For views and input across all sectors of the Australian community about a Lung Cancer Screening enquiry to investigate the feasibility of a national lung cancer screening program for people at high risk of lung cancer.

 

You said

That many factors should be considered across many sectors of the Australian community and the health system.  Public consultation submissions and input from stakeholders were detailed. Thank you for this feedback.

 

We did

We considered all feedback and engaged a consultant to analyse and summarise consultation outcomes for consideration by the Minister for Health. The Lung Cancer Screening enquiry report will be submitted to the Minister for Health in October 2020.

We asked

Between November 2019 and February 2020, the national obesity strategy Working Group asked for feedback on a proposed framework and ideas to be included in a national obesity strategy.

You said

Across the country, 604 Australians engaged in community events. In addition, 1,038 short-form and 342 long-form surveys were completed, and 35 stand-alone submissions were received. Some further targeted consultation was also progressed with three priority groups (people with disability, young people, older people).

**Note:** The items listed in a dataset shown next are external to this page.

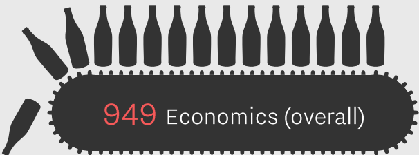
Opus One Quality score vs average market price
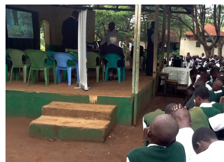
VIDEO CONFERENCE: Kisumu High School pupils take part in a multi-school video conference organized by the library. When large groups of children take part, schools use projectors to magnify images and speakers to amplify sound.
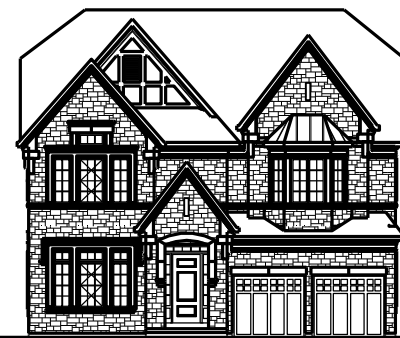
50' FRONT ELEVATION 'B'
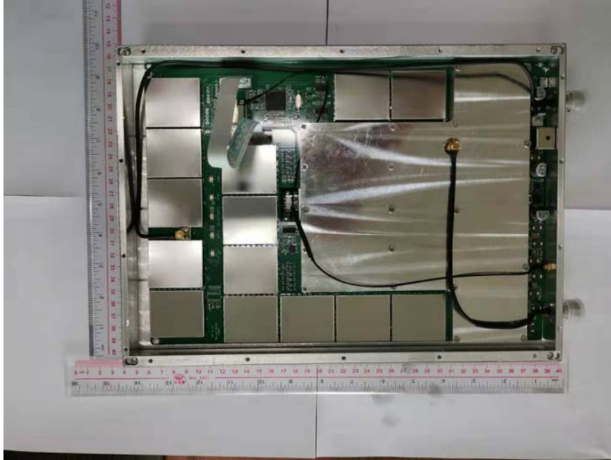
EUT – PCB Top View
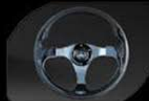
Luxury steering wheel
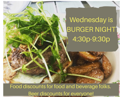
Burger night photos courtesy of the Kitchen at Devil's Kettle using local Dexter Run Farm pasture grazed cattle

The types of marketing materials and merchandise suggested by the producers and retailers included the following categories and items.
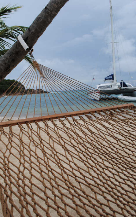
Make time for "limin' " in the hammock at Bolongo Bay.
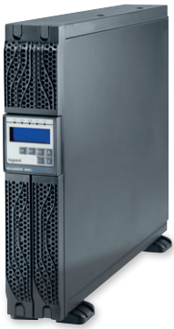
3 101 76
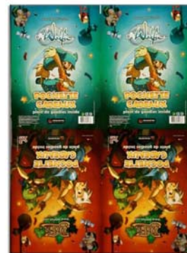
Plate: MacDermid Printing Solutions' Digital Rave Printed Job: Sachet Goodies Company: BRJ Emballage Trade Shop: Flexocolor Press: Comexi Ink: Sun Chemical Anilox: Praxair Tape: Tesa
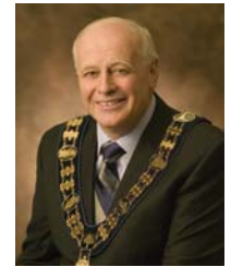
Mayor Tony Van Bynen Town of Newmarket
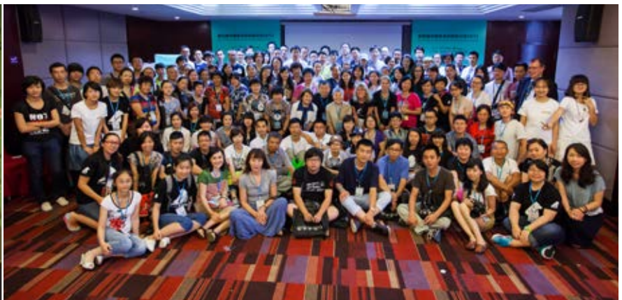
Group photo for the 4th China Companion Animal Symposium.

Animal welfare organisations across China have agreed to work together against the “criminal and cruel” dog and cat meat industry.
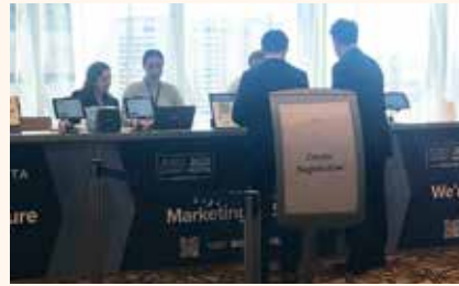
Attendees register during the 2022 ADSO Summit, held in Austin, Texas.

lenges, the ADSO recently launched a Workforce Task Force comprised of ADSO member companies and dental industry partners. The task force will investigate issues impacting recruitment and retention and provide recommendations to help dental practices meet their staffing needs.
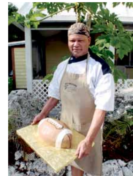
Cakes for all occasions.

energy. His band recently performed at the Ralphie Smith Bra Walk Strides Against Cancer event at the Caribbean Club. He
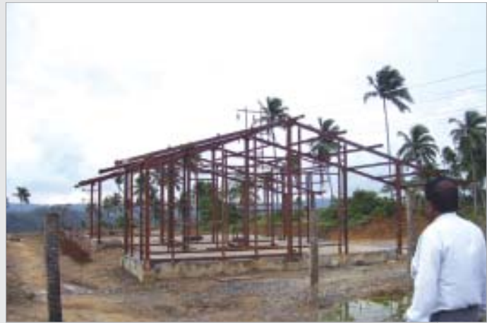
HCC at Bambooflat
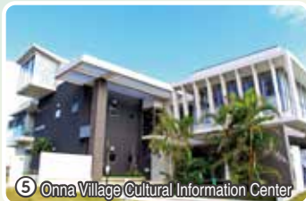
5 Onna Village Cultural Information Center

A farmers' market where you can buy Okinawan vegetables, tropical fruits, and various souvenirs. There are 10 shops where you can enjoy popular Okinawan B-class gourmet dishes. Onna Station is located at the entrance to the Onna Village Sunset Kaido viewed from the south side. You can "nakayukui" (take a break) at this market.
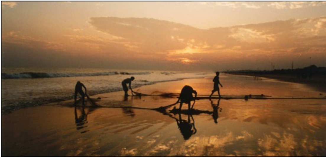
Sunset - Puri, India by Tashimelampo
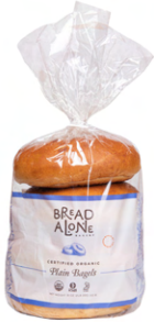
PLAIN BAGEL Weight: 18 oz UPC: 40345001324
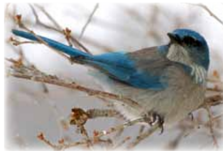
Can you find the western scrub jay in Hugh Kingery's Backyard Birds article on page 9 and 10?

I WELCOME YOUR CONTRIBUTIONS to this column. Send a note or post card to P.O. Box 584, Franktown 80116, or Email me: ouzels8@aol.com .
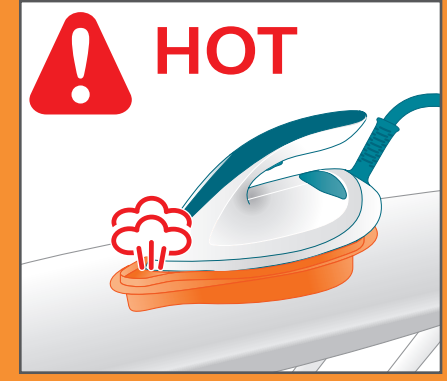
Wait approximately 5 minutes before emptying the Calc-Clean container.
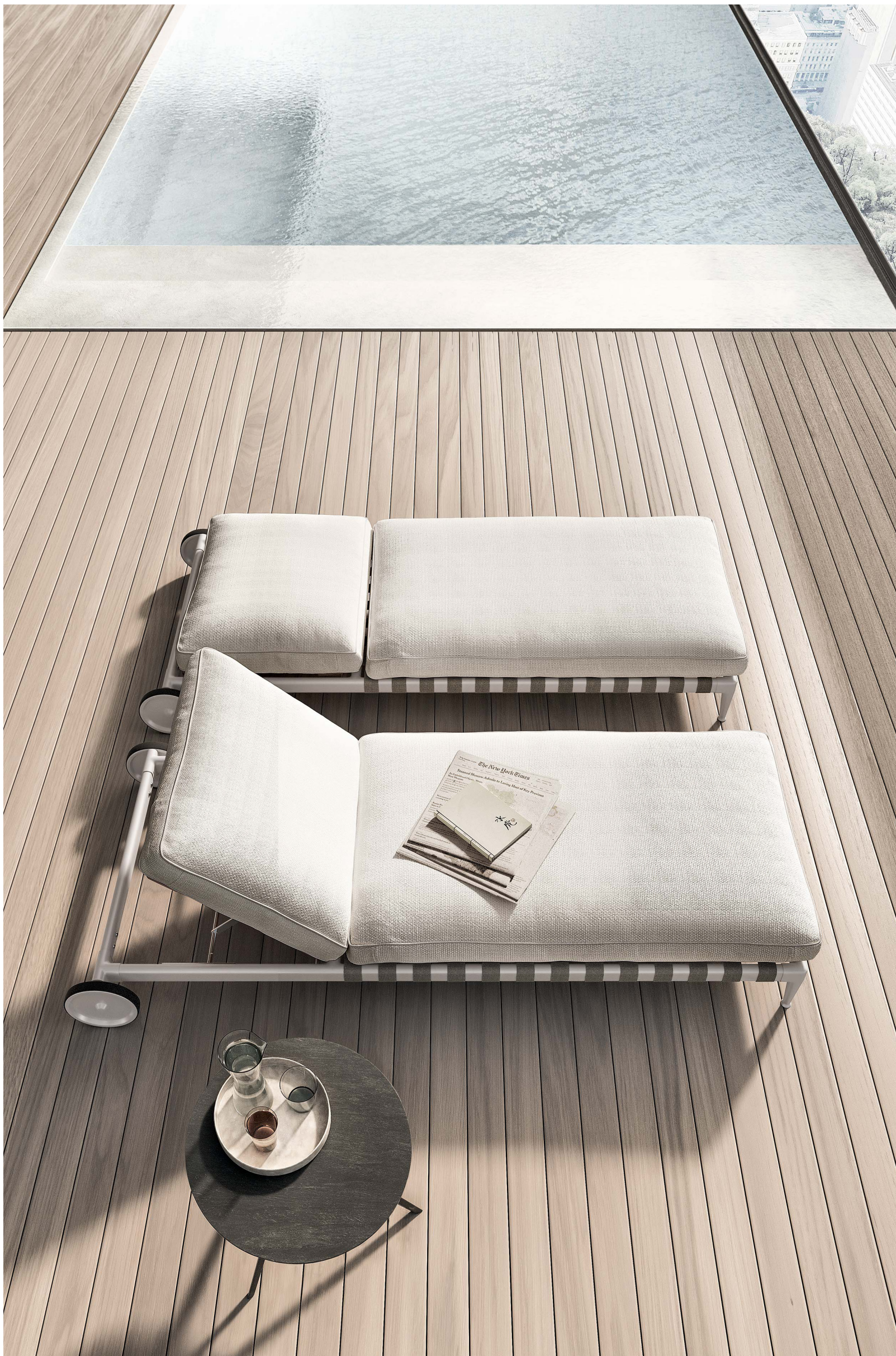
ATLANTE, DAYBEDS - ZEFIRO OUTDOOR, SIDE TABLE

Struttura in alluminio verniciato a polvere epossidica colore bianco 100, cinghie elastiche color sabbia 9001, schienale reclinabile in iroko massello finitura naturale, rivestimento tessuto Borneo A201, profilo in gros grain 607. Gambe in alluminio brunito, piano in pietra del Cardoso. Structure aluminum epoxy powder-coat white 100, elastic webbing sand 9001, reclinable backrest solid iroko wood natural finish, upholstery fabric Borneo A201, grosgrain piping 607. Legs burnished aluminum, top pietra del Cardoso.
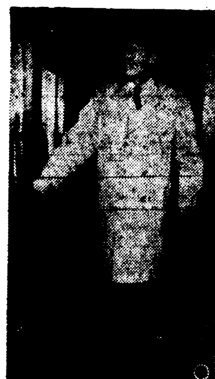
COAT-WISE—The double-breasted look makes news in this distinctive water-repellent coat of choice cotton. By Alligator, it has raglan sleeves, half cuffs, and handy breast pocket.
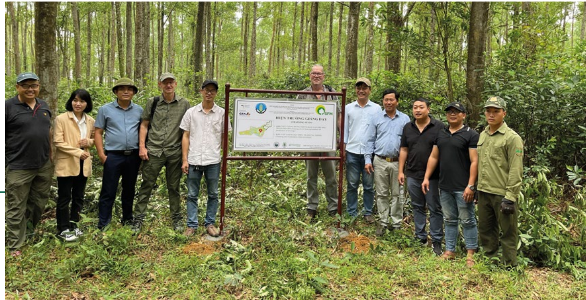
Training for the application of silvicultural techniques in acacia plantations

of recognized training in the area of forestry. The Forest Training Center in Dong Ha was established by the Vietnamese Academy of Forestry Science (VAFS), with support from the BMEL, during the initial project phase. The center offers practice-oriented training. In the second phase, the project aims to further develop skills for applying forest management methods in state-run and smallholder forestry operations.
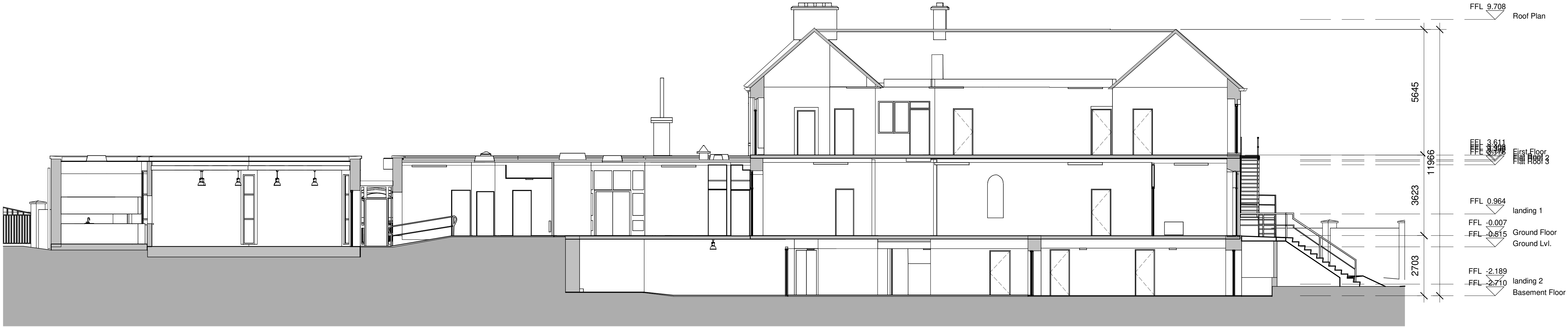
Section 3 1 : 100
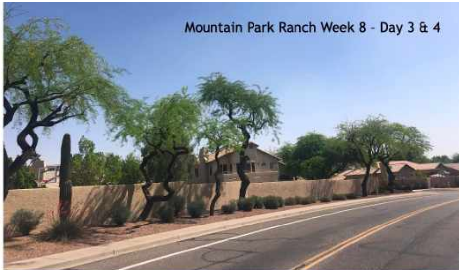
Mountain Park Ranch Week 8 - Day 3 & 4
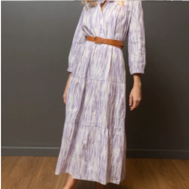
Marie & Lola Audrey maxi dress £69 – here
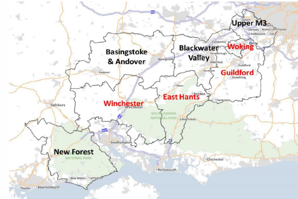
Figure 4: Revised Commercial Property Market Areas.
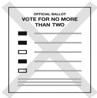
Don't vote for too many

If you spoil your ballot and wish another sent to you, place the spoiled ballot in the return envelope and immediately return it to the Sierra County Clerk's Office. Be sure to check the box marked "spoiled" on the return envelope and sign your name in the space provided.
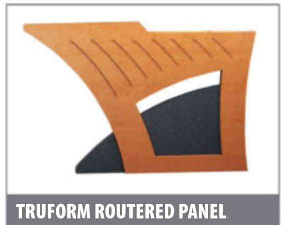
TRUFORM ROUTERED PANEL

Our TruForm side panels feature a vacuum formed rigid thermofoil, which can be applied to contoured surfaces. The dimensional flexibility eliminates the need for T-molding, edge banding and other special edge treatments. Durability and flexibility make TruForm side panels the perfect complement to any console.
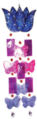
Windchime Blue Lotus QN00271 Approx. 16" long
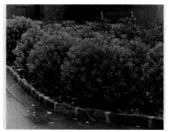
Ilex glabra 'Densa,' photographed at Longwood Gardens by M. Dirr.

'Densa' — This clone develops an oval-rounded uniform outline with upright branches. The
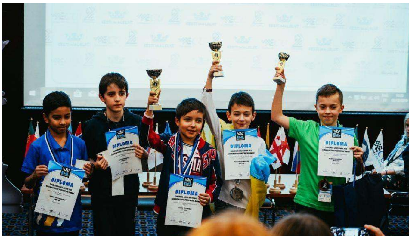
Playing venue capture

Championship 2019, took place at the Sokos Hotel Viru Tallinn, in Estonia, from 30th November- 4th December 2019.
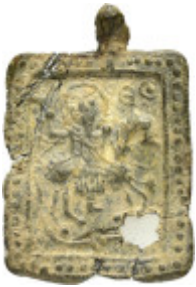
703 ANCIENT BYZANTINE LEAD AMULET.(5th-6th Century).Ae. Weight : 2.8 gr Diameter : 28 mm
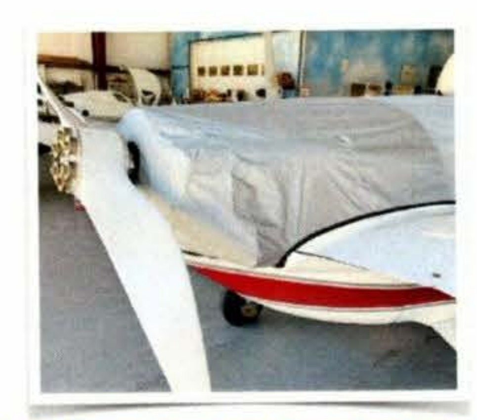
Cozy Mk IV Canopy/Nose/Engine Cover, travel weight design

Bruce uses advanced 3D modeling techniques to develop the closest fitting covers possible for every make, model and modification.
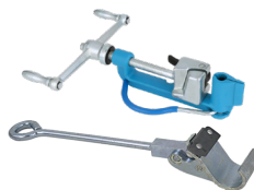
C00169 with J00169 Adaptor COMPATIBLE WITH JR SMOOTH

Respondents proposed a range of ideas and suggestions for what could be included in a national obesity strategy, with most highly supportive of a comprehensive strategy. The feedback received is appreciated.

We did

Consultants have reviewed and analysed all the feedback received in the national public consultation and prepared consultation reports, which have been considered by the national obesity strategy Working Group.  Work has also continued on further refining the strategy. 

We asked

For written feedback, based on the Terms of Reference, for the independent review of nursing education - Educating the Nurse of the Future - by 30 June 2019.

You said

We received 83 written submissions and these have now been published (scroll down to view).

We did

Professor Steven Schwartz AM has now submitted the final report to Minister Hunt following completion of the Review. The report will be considered by government and a plan for public release will be developed. There is no fixed date for the release of the report available at this time.

We asked

For feedback on our tobacco control legislation to make sure that it is effective and fit for purpose.

You said

Improvements could be made. Public consultation submissions and input from stakeholder workshops were detailed. Thank you for this feedback.

We did

We considered all feedback and engaged a consultant to analyse and summarise consultation outcomes for Australian Government consideration (scroll down for the consultation summary). This feedback is being used to progress this legislative review.

We asked

In December 2018, we asked for feedback based on the Terms of Reference for the Review of the Quality Use of Medicines Program’s delivery by the National Prescribing Service (NPS MedicineWise).

You said

54 external submissions were received and 26 external interviews were conducted. Submissions were detailed and highlighted the requirement for greater transparency, accountability and efficiency in the delivery of quality use of medicines programs. Thank you for this feedback.

We did

Emeritus Professor Lloyd Sansom AO conducted the Review and a final report has been accepted by Minister Hunt. The public report and the Government’s response to the Review recommendations can be found at

https://www1.health.gov.au/internet/main/publishing.nsf/Content/qum-nps-review

 We are working with NPS MedicineWise to implement the Review’s recommendations.